### INFORMATION SUPPLIED
_ _ _ _ _
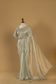Sea green tissue sequence embroidery saree paired with embroidered stitched blouse
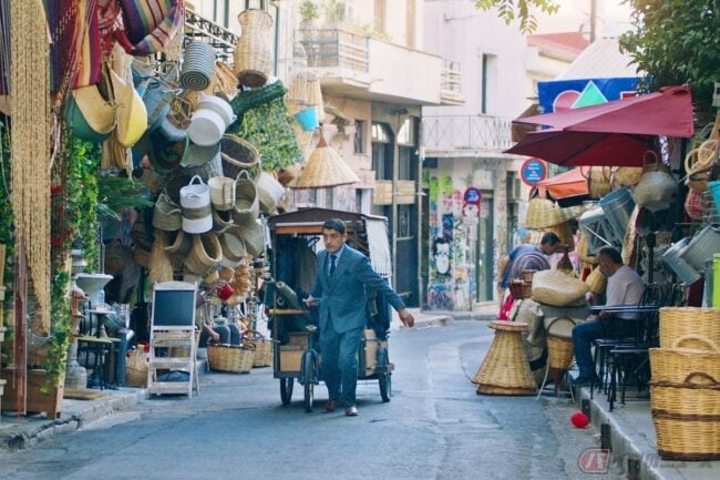本作の主人公ニコスはアテネで36年間、高級スーツの仕立て屋を父と営んできた寡黙な中年男性。しかし、ギリシャを襲った不況の煽りを受けて店は銀行に差し押さえられ、父はショックのあまり倒れてしまいます。崖っぷちに立たされたニコスでしたが、手作りの屋台で「移動式テーラー」を始めることをひらめきます。ニコスは大きな屋台を背負って街に繰り出したものの、やはり路上で高級スーツは売るのは難しく……。途方に暮れるニコスでしたが、あるオファーが舞い込みます。
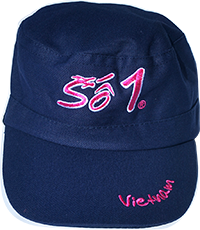 Adult Cap So 1, that means Number 1 in vietnamese language. Dark blue color fabric. Raspberry embrodery.
_ _ _ _ _
### PROBLEM DETAILS
Word for word, restate the lines from the line containing "本作の主人公ニコスはアテネで" through the end of the data, including the first and last of them. Pictures stay out.

### PROBLEM SOLUTION
本作の主人公ニコスはアテネで36年間、高級スーツの仕立て屋を父と営んできた寡黙な中年男性。しかし、ギリシャを襲った不況の煽りを受けて店は銀行に差し押さえられ、父はショックのあまり倒れてしまいます。崖っぷちに立たされたニコスでしたが、手作りの屋台で「移動式テーラー」を始めることをひらめきます。ニコスは大きな屋台を背負って街に繰り出したものの、やはり路上で高級スーツは売るのは難しく……。途方に暮れるニコスでしたが、あるオファーが舞い込みます。
 Adult Cap So 1, that means Number 1 in vietnamese language. Dark blue color fabric. Raspberry embrodery.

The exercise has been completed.